Records excerpted from a collection ::
/---

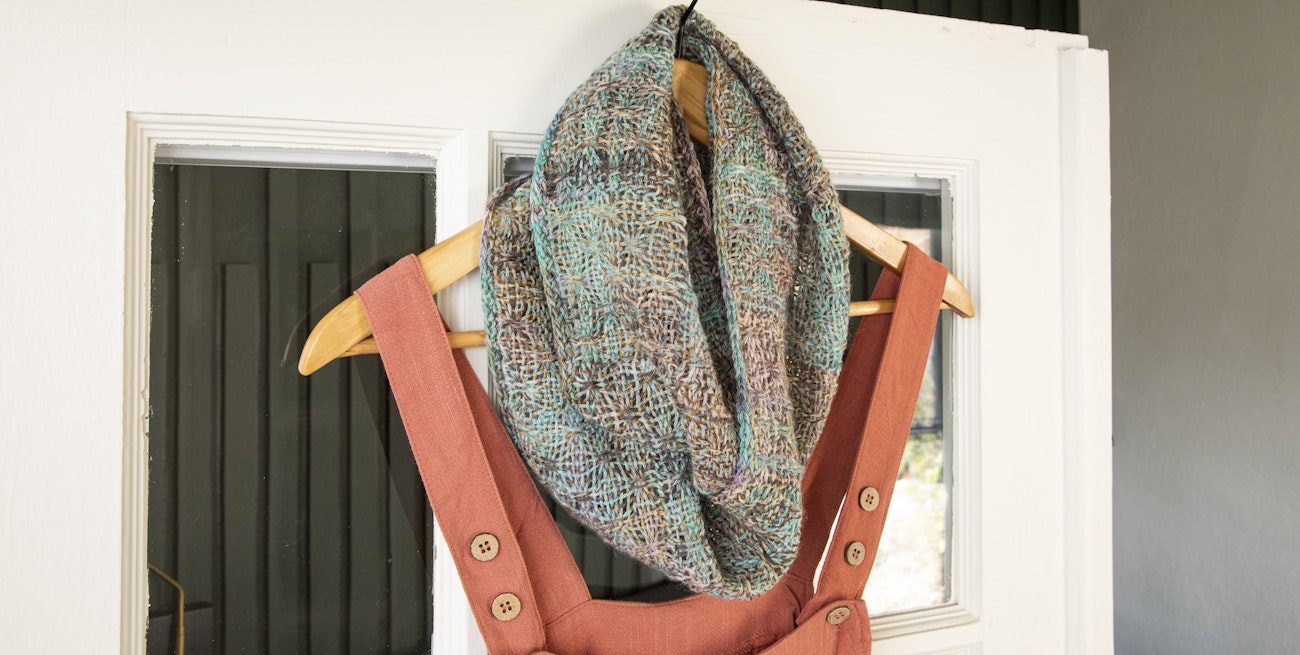 Angela Tong wove her Infinite Lace Cowl using a spot Bronson pin-loom pick-up pattern. Photo by Matt Graves
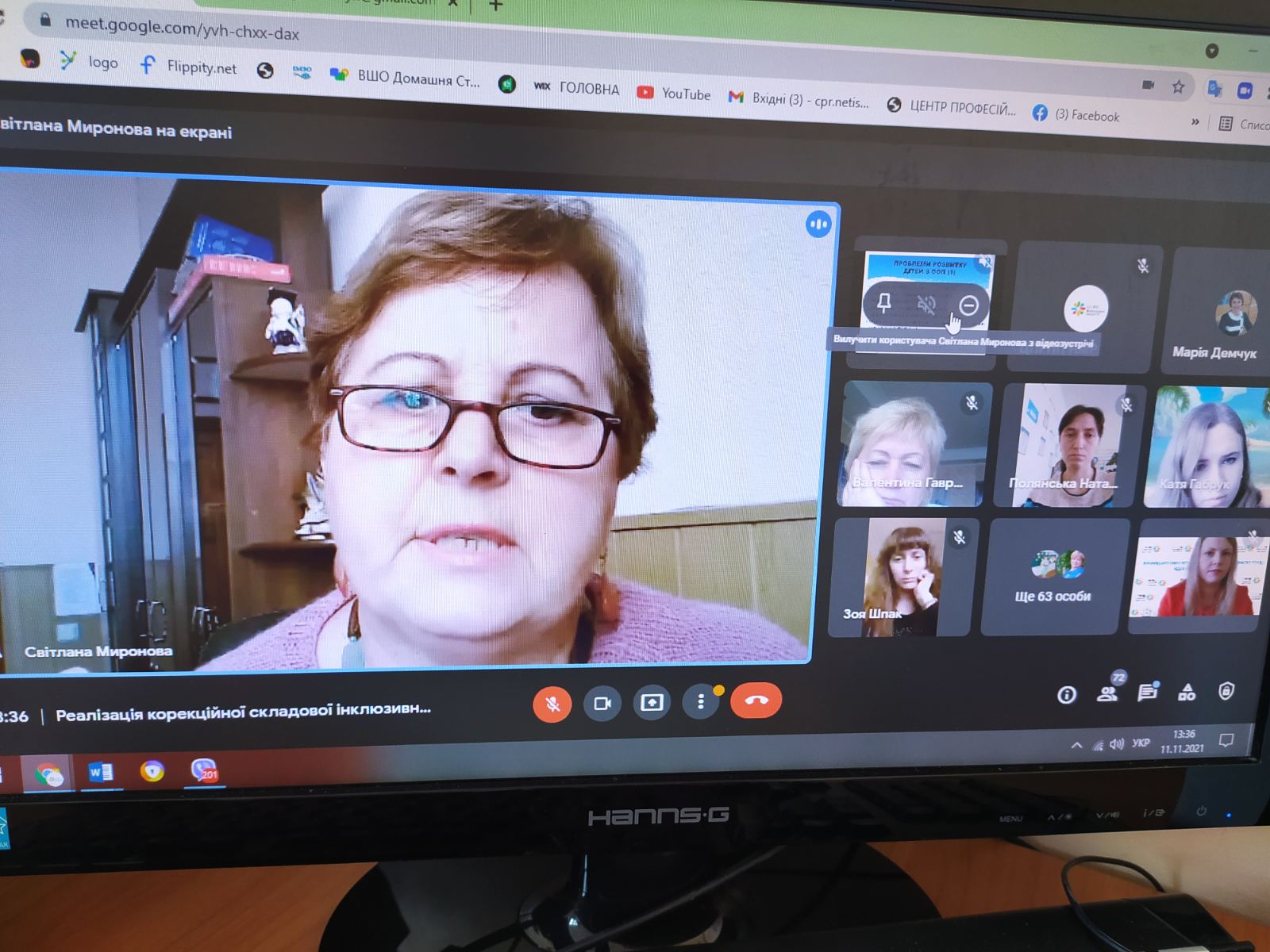 11.11.2021 р. професор кафедри, доктор педагогічних наук, професор Миронова С.П. прочитала лекцію «Реалізація корекційної складової інклюзивного навчання дітей з особливими освітніми потребами», організавану Центром професійного розвитку педагогічних працівників Нетішинської МТГ. Зустріч була організована для педагогічних працівників закладів освіти Нетішинської МТГ, кого цікавила дана тема. Всього було 86 осіб. Зокрема, на зустрічі були присутні: директор та спеціалісти ІРЦ, вчителі та вихователі, директори та заступники закладів освіти, асистенти вчителів/вихователів, психологи, дефектологи, логопеди, практичні психологи.
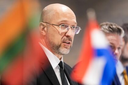 Ukrainas forsvarsminister Denys Sjmyhal under forsvarsministermøtet i Joint Expeditionary Force (JEF) i…
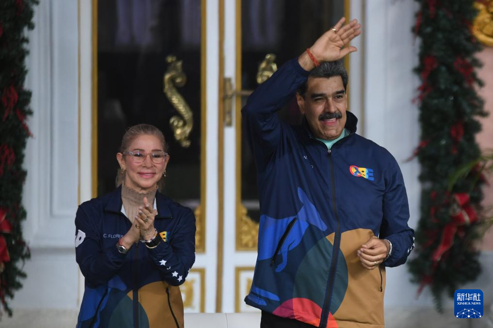 这是2025年11月21日马杜罗及其夫人在委内瑞拉首都加拉加斯出席活动的资料照片。
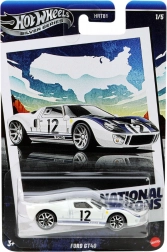 Ikoniczny model FORD GT40 z serii Hot Wheels Silver Series – National Icons w skali 1:64. Metalowe nadwozie, realistyczne detale, ruchome koła oraz białe malowanie z niebieskimi pasami i numerem 12 ucieszą dzieci i kolekcjonerów.
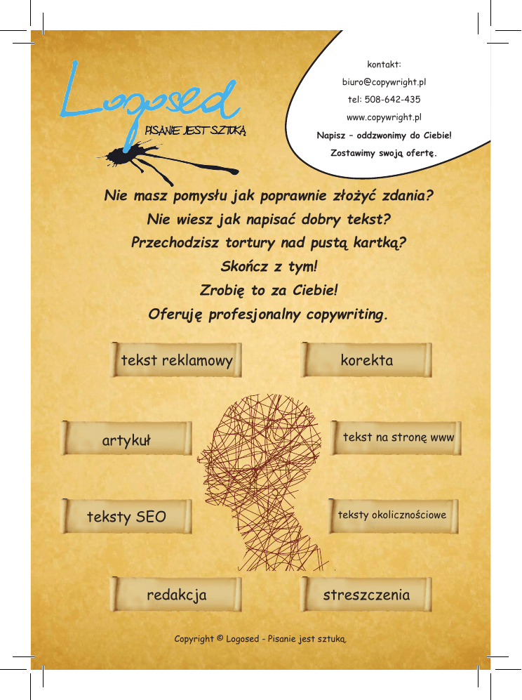 kontakt: [email protected] tel: 508-642-435 www.copywright.pl Napisz – oddzwonimy do Ciebie! Zostawimy swoją ofertę. Nie masz pomysłu jak poprawnie złożyć zdania? Nie wiesz jak napisać dobry tekst? Przechodzisz tortury nad pustą kartką? Skończ z tym! Zrobię to za Ciebie! Oferuję profesjonalny copywriting. tekst reklamowy korekta tekst na stronę www artykuł teksty SEO teksty okolicznościowe redakcja streszczenia Copyright © Logosed - Pisanie jest sztuką. Potrzebna Ci korekta pracy maturalnej, magisterskiej czy jakiejkolwiek innej? Skontaktuj się ze mną, wykonam to za Ciebie! Mam dość zindywidualizowany styl, więc jeśli chcesz się wyróżnić, to serdecznie zapraszam! Stawiam na kreację! Jeśli Cię zainteresowałam, zapraszam na stronę www.copywright.pl Copyright © Logosed - Pisanie jest sztuką.
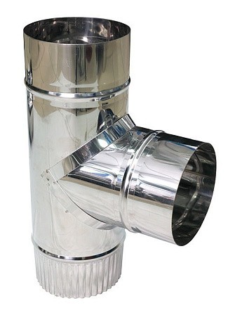 Используется для соединения дополнительного горизонтального участка дымового канала с основным вертикальным. Подключение "по конденсату". Толщина стали 0,5 и 0,8 мм.
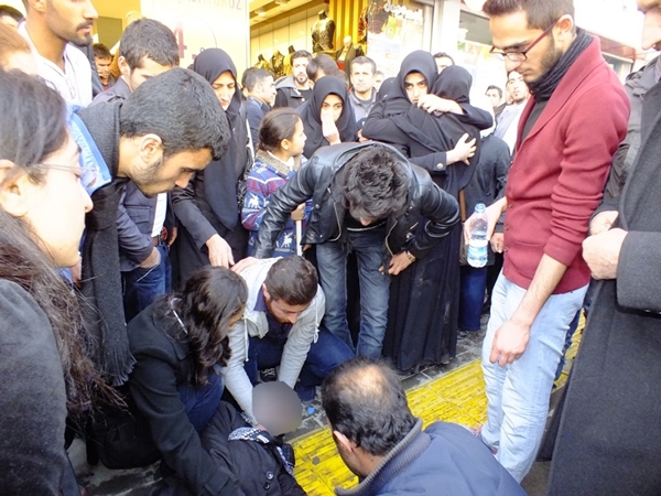 HÜDA PAR’ın düzenlediği mitingden sonra 14.00 sıralarında evlerine dönen 6 başörtülü Bayan Cumhuriyet Caddesi Sanat Sokağı yakınında bulunan BDP seçim bürosunun önünde saldırıya uğradı.
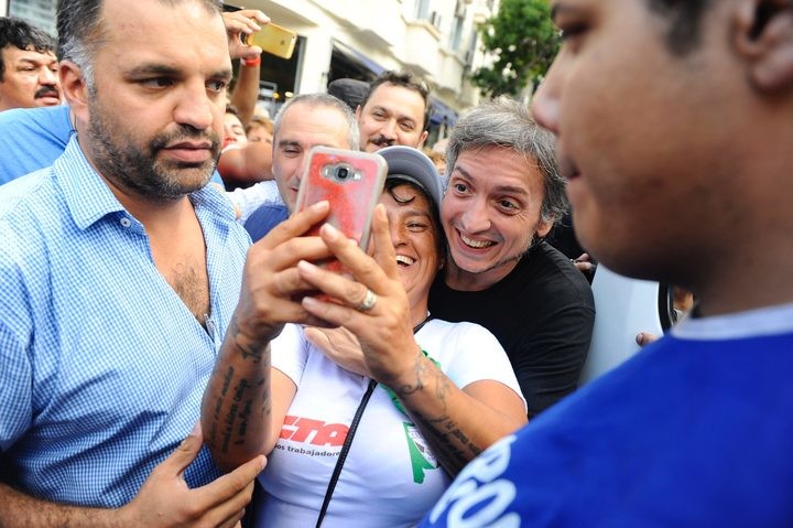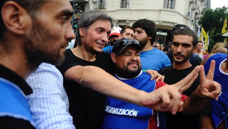 El diputado nacional Máximo Kirchner participó de la marcha de Hugo Moyano, en la avenida 9 de Julio de Buenos Aires, contra el gobierno de Mauricio Macri.
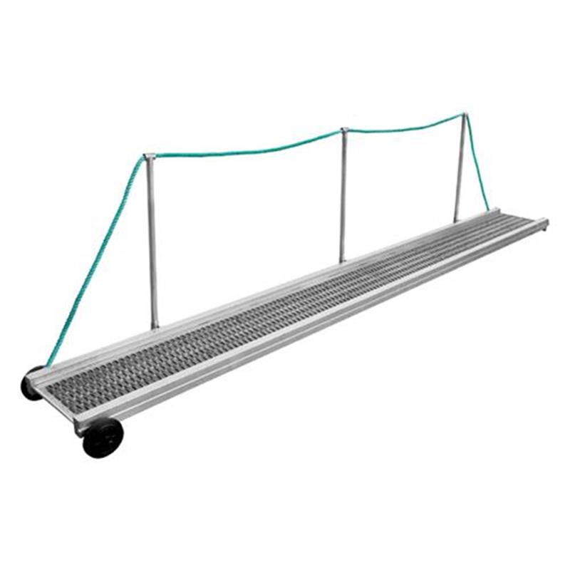 Drijvende lichtgewicht loopplank van aluminium met looppad van speciaal opengewerkt ANTISLIP profielrooster.
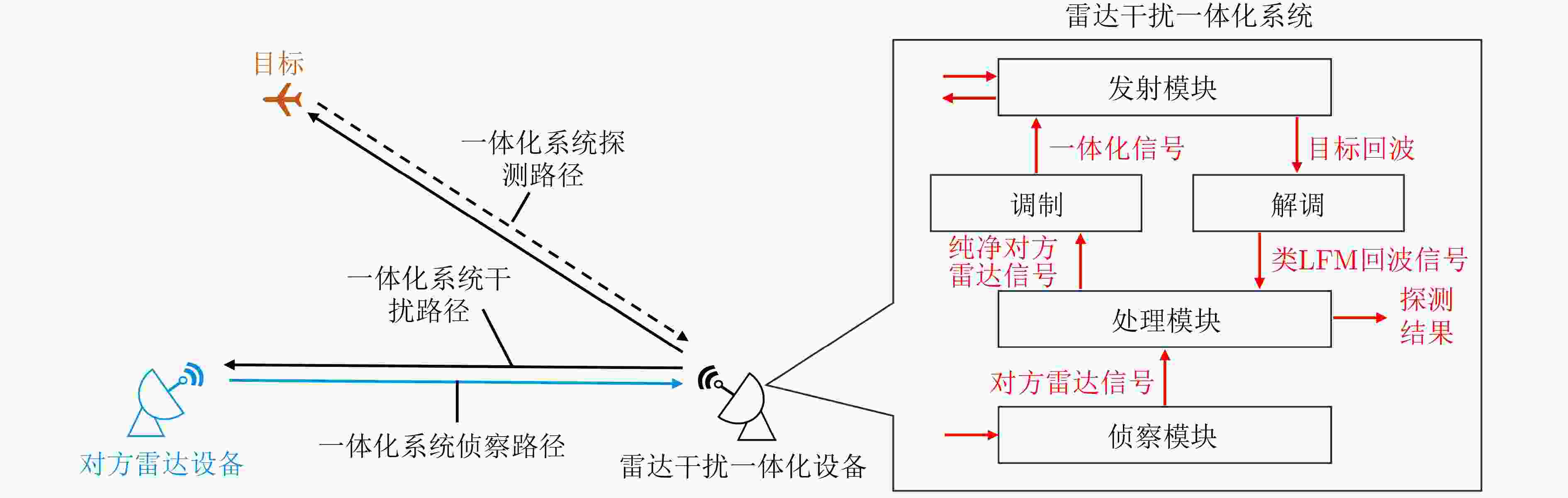 • 图  1  一体化系统信号处理与工作场景流程框图
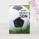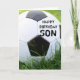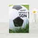 En klassikerfotbollboll i det högväxt sommargräset med ordgrattis på födelsedagensonen! Perfekten för din favorit- fotbollfläktson och anpassadet för att dig totalt ska personifiera som dig behar!
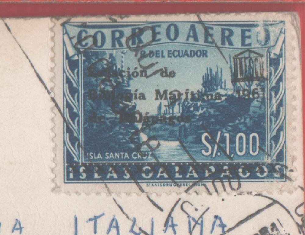 Vista parcial al N. Quito. Viaggiata 1961. Francobollo Galapagos sovrastampato
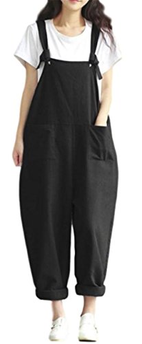 [ネストカニーナ] ゆるかわ オーバーオール レディース オールインワン ゆったり サロペット マタニティ 大きいサイズ (M ブラック)

\---

YOUR TASK :: The answer must be an exact copy of the records above, with the pictures left out.

ANSWER FOR THE TASK ::
 Angela Tong wove her Infinite Lace Cowl using a spot Bronson pin-loom pick-up pattern. Photo by Matt Graves
 11.11.2021 р. професор кафедри, доктор педагогічних наук, професор Миронова С.П. прочитала лекцію «Реалізація корекційної складової інклюзивного навчання дітей з особливими освітніми потребами», організавану Центром професійного розвитку педагогічних працівників Нетішинської МТГ. Зустріч була організована для педагогічних працівників закладів освіти Нетішинської МТГ, кого цікавила дана тема. Всього було 86 осіб. Зокрема, на зустрічі були присутні: директор та спеціалісти ІРЦ, вчителі та вихователі, директори та заступники закладів освіти, асистенти вчителів/вихователів, психологи, дефектологи, логопеди, практичні психологи.
 Ukrainas forsvarsminister Denys Sjmyhal under forsvarsministermøtet i Joint Expeditionary Force (JEF) i…
 这是2025年11月21日马杜罗及其夫人在委内瑞拉首都加拉加斯出席活动的资料照片。
 Ikoniczny model FORD GT40 z serii Hot Wheels Silver Series – National Icons w skali 1:64. Metalowe nadwozie, realistyczne detale, ruchome koła oraz białe malowanie z niebieskimi pasami i numerem 12 ucieszą dzieci i kolekcjonerów.
 kontakt: [email protected] tel: 508-642-435 www.copywright.pl Napisz – oddzwonimy do Ciebie! Zostawimy swoją ofertę. Nie masz pomysłu jak poprawnie złożyć zdania? Nie wiesz jak napisać dobry tekst? Przechodzisz tortury nad pustą kartką? Skończ z tym! Zrobię to za Ciebie! Oferuję profesjonalny copywriting. tekst reklamowy korekta tekst na stronę www artykuł teksty SEO teksty okolicznościowe redakcja streszczenia Copyright © Logosed - Pisanie jest sztuką. Potrzebna Ci korekta pracy maturalnej, magisterskiej czy jakiejkolwiek innej? Skontaktuj się ze mną, wykonam to za Ciebie! Mam dość zindywidualizowany styl, więc jeśli chcesz się wyróżnić, to serdecznie zapraszam! Stawiam na kreację! Jeśli Cię zainteresowałam, zapraszam na stronę www.copywright.pl Copyright © Logosed - Pisanie jest sztuką.
 Используется для соединения дополнительного горизонтального участка дымового канала с основным вертикальным. Подключение "по конденсату". Толщина стали 0,5 и 0,8 мм.
 HÜDA PAR’ın düzenlediği mitingden sonra 14.00 sıralarında evlerine dönen 6 başörtülü Bayan Cumhuriyet Caddesi Sanat Sokağı yakınında bulunan BDP seçim bürosunun önünde saldırıya uğradı.
 El diputado nacional Máximo Kirchner participó de la marcha de Hugo Moyano, en la avenida 9 de Julio de Buenos Aires, contra el gobierno de Mauricio Macri.
 Drijvende lichtgewicht loopplank van aluminium met looppad van speciaal opengewerkt ANTISLIP profielrooster.
 • 图  1  一体化系统信号处理与工作场景流程框图
 En klassikerfotbollboll i det högväxt sommargräset med ordgrattis på födelsedagensonen! Perfekten för din favorit- fotbollfläktson och anpassadet för att dig totalt ska personifiera som dig behar!
 Vista parcial al N. Quito. Viaggiata 1961. Francobollo Galapagos sovrastampato
 [ネストカニーナ] ゆるかわ オーバーオール レディース オールインワン ゆったり サロペット マタニティ 大きいサイズ (M ブラック)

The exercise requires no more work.